US medical device manufacturer Medtronic has agreed to buy Ireland-based competitor Covidien for $US42.9 billion ($A46.42 billion) in cash and stock.
THE combined company will have its executive offices in Dublin, where it could benefit from Ireland’s lower corporate tax rates. But the merged company would continue to operate in Minneapolis, where Medtronic employs more than 8,000, the companies said in a statement.

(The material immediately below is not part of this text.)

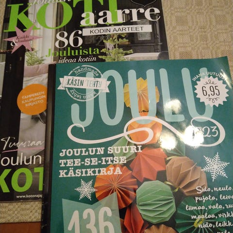 Joulukirja missä ohjeita itse tekoisiin koristeisiin ja muihin joulun ehostuksiin.

Medtronic is paying a 29 per cent premium on Covidien’s stock price as of Friday. The deal is the latest in a series of acquisitions by medical-device manufacturers. The companies are seeking to expand their offerings and contain costs in response to price curbs forced by the nation’s new health care law. In April, Zimmer Holdings, an orthopedic device maker, announced that it was buying Biomet in a $US13 billion deal. Medtronic makes pacemakers and insulin pumps, among other products. Covidien specialises in surgical equipment. As a result of savings from the deal, Medtronic said it would spend an additional $US10 billion over the next decade in investments, acquisitions and research and development in the United States. “The medical technology industry is critical to the US economy, and we will continue to invest and innovate and create well-paying jobs,” Omar Ishrak, Medtronic’s CEO, said in a statement. Efforts by domestic companies to use mergers to reincorporate overseas for tax reasons have raised concern among some US lawmakers. Ireland taxes corporate income at 12.5 per cent, compared with a top marginal rate of 39.6 per cent in the United States, according to the tax advisory firm KPMG. Drug-maker Pfizer recently tried unsuccessfully to acquire UK-based Astra-Zeneca. The banana-seller Chiquita agreed to buy an Irish firm, Fyffes, in March.